Od przyszłego roku liczba dozwolonych operacji lotniczych na lotnisku Schiphol będzie ograniczona do maksymalnie 478.000 XNUMX rocznie.
Rząd podjął taką decyzję, próbując zmniejszyć zanieczyszczenie hałasem wokół lotniska i przywrócić sytuację prawną lokalnym mieszkańcom. Plan stanowi część szerszego pakietu działań, który został wcześniej przedłożony Komisji Europejskiej i powinien doprowadzić do całkowitej redukcji hałasu o 20%.
Ograniczanie uciążliwości wokół lotniska Schiphol od pewnego czasu sprawiało rządowi ból głowy. We wrześniu rząd przedstawił szeroki pakiet działań mających na celu zmniejszenie uciążliwości dla mieszkańców. Podstawą tego podejścia jest nowy limit ruchu lotniczego. Według ministra Barry'ego Madlenera ds. infrastruktury i gospodarki wodnej celem jest zmniejszenie liczby osób znajdujących się w poważnych niedogodnościach o 15%, a pozostałe 5% ma zostać osiągnięte w dalszej części kadencji rządu.
„Chcemy nie tylko sprostać europejskim wymaganiom, ale także oddać sprawiedliwość mieszkańcom obszaru Schiphol” – podkreślił minister.
Ustalając nowy limit, rząd dokładnie rozważył interesy lokalnych mieszkańców, sektora lotniczego oraz wykonalność działań w kontekście europejskim.

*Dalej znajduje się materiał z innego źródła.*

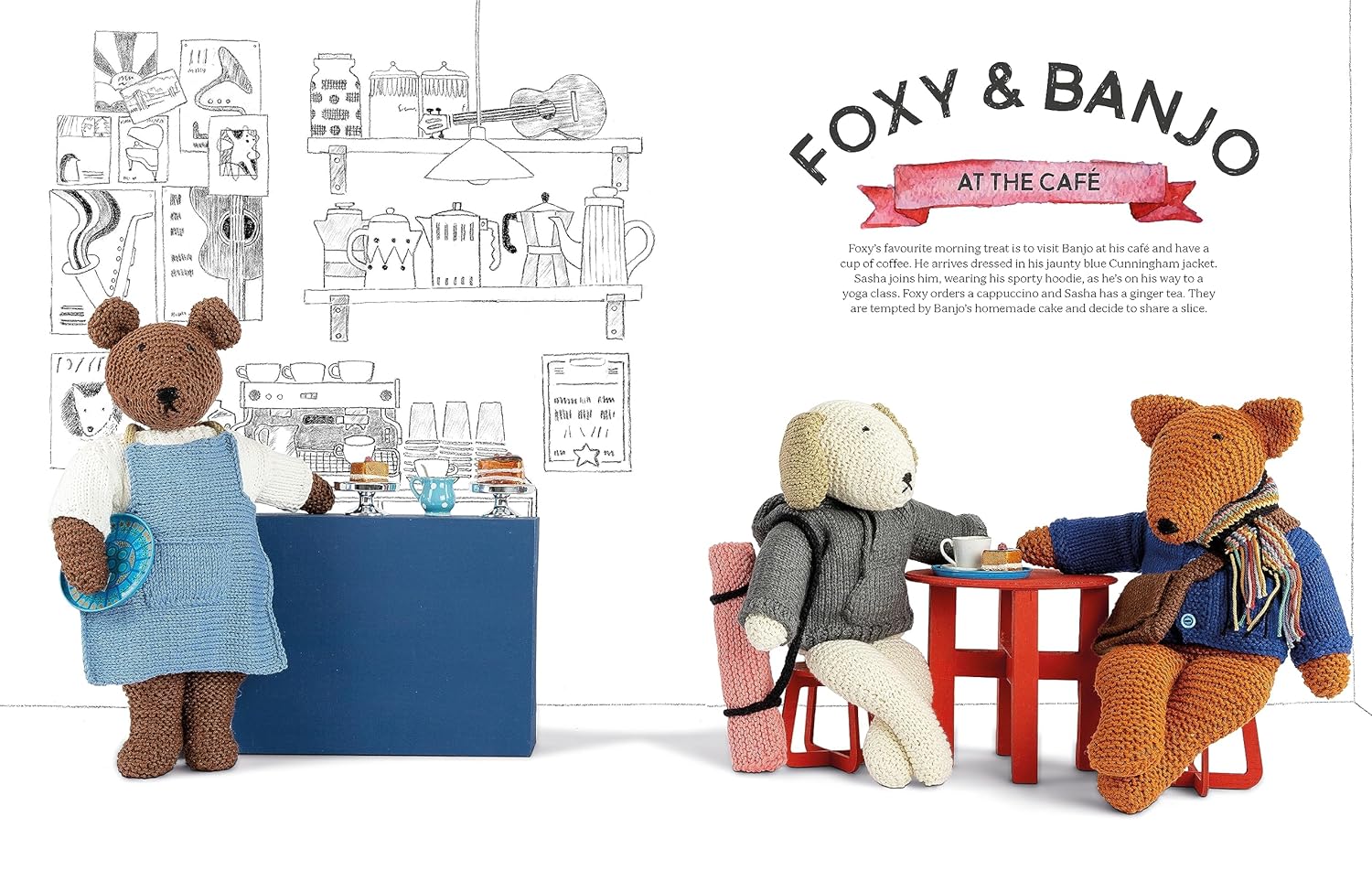 Follow Foxy and his friends as they set off on adventures near and far and learn to knit them, their clothes and accessories. The designs and illustrations have a quirky, original style and Foxy himself exudes understated cool – whether he’s kicking back and listening to his vinyl collection at home or enjoying a macchiato with Banjo at his favourite coffee house.

We wrześniu rząd oszacował wymaganą redukcję na 17%, przy przepustowości od 475.000 485.000 do XNUMX XNUMX lotów. Okazało się jednak, że ten model obliczeniowy nie jest na tyle stabilny, aby można było wyciągnąć ostateczne wnioski. Dalsze obliczenia wykazały, że do osiągnięcia celów konieczna jest większa redukcja.
W rezultacie liczba lotów powinna spaść do 467.000 XNUMX. Rząd zdecydował się jednak na nieco wyższy limit, aby cele redukcyjne nie zostały uznane w procedurze europejskiej za nieosiągalne.
Nowa maksymalna liczba lotów nie jest niezobowiązująca. Rząd zawarł wiążące umowy z liniami lotniczymi, takimi jak KLM i sam Schiphol. Strony te ponoszą odpowiedzialność za osiągnięcie redukcji hałasu, a skutki podjętych działań będą ściśle monitorowane.
„To mocne środki dla sektora, ale próbowaliśmy znaleźć równowagę” – powiedział minister Madlener. „Rozumiem, że część mieszkańców liczyła na dalsze obniżki, ale tą decyzją robimy ważny krok. Cel 20% redukcji pozostaje niezmienny.”
wyzwania w przyszłości
Decyzja o osiągnięciu na razie 15% redukcji hałasu oznacza, że rząd w dalszym ciągu stoi przed poważnym wyzwaniem, aby osiągnąć ostatnie 5%. Pozostałą redukcję należy wdrożyć w późniejszym terminie, lecz nadal nie jest jasne, jakie środki są w tym celu wymagane.
Jednocześnie delikatną kwestią pozostaje pogodzenie interesów sektora lotniczego i lokalnych mieszkańców. Schiphol jest ważnym motorem holenderskiej gospodarki, ale cena, jaką płacą lokalni mieszkańcy w postaci hałasu i zanieczyszczenia powietrza, pozostaje źródłem debaty społecznej.
Rząd podkreśla, że najwyższym priorytetem pozostaje całkowity cel dotyczący poziomu hałasu na poziomie 20%. „Musimy postępować ostrożnie i etapami, abyśmy mogli osiągnąć ten cel bez podejmowania niepotrzebnego ryzyka” – stwierdził Minister Madlener.